Теперь пусть при неверном, но свете костра, у Булыцкого появилась возможность хоть бегло, но разглядеть незнакомца. Невысокий, ссутулившийся и какой-то зажатый. Правый глаз был выбит мощным ударом чего-то тяжелого. В кровь разнесенные передние губы, выбитые передние зубы и, судя по тому, как кровила рана, произошло это не так давно, хотя, по рассказам судя, времени с осады Твери уж о-хо-хо сколько утекло, рыскающий по всей хате взгляд; Николай Сергеевич насторожился.

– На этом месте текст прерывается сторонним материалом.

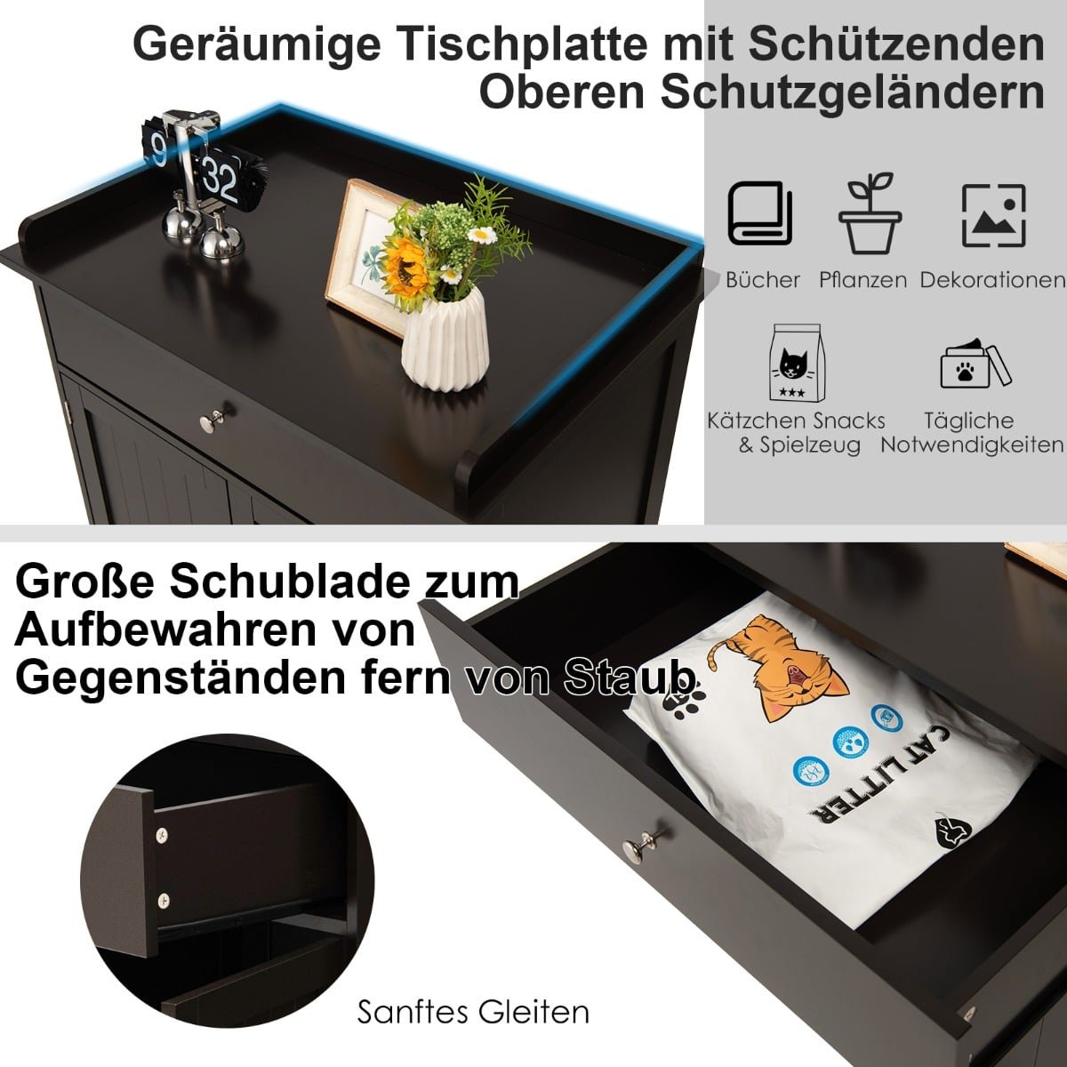 - 3-in-1 funkcionalumas: Gali būti naudojamas kaip kačių tualeto dėžės slėptuvė, jaukus namelis poilsiui arba stilingas šoninis staliukas su stalčiumi.

– И с тех пор не заживет никак? – придав лицу равнодушное выражение, поинтересовался пенсионер. – Вон, губы до сих пор кровят!
– С длушинником долоху не поделили, – мрачно отозвался тот. – Пьяный да садилистый. Как начал на молодуху садилаться, а я восьми да слово скаши попелек. Тот и ласбилаться не стал. Двинул в молду…
– А ты чего? А те, кто вокруг? Что, слово даже никто поперек не сказал?
– Кто я такоф?! – насупился собеседник. – Никто! И убить такого не хлех! А ему и потеха, да перед бабой той класануться; вон, мол, лихой какой! Сирого-то только ленифый не тлонет, – с горечью закончил он.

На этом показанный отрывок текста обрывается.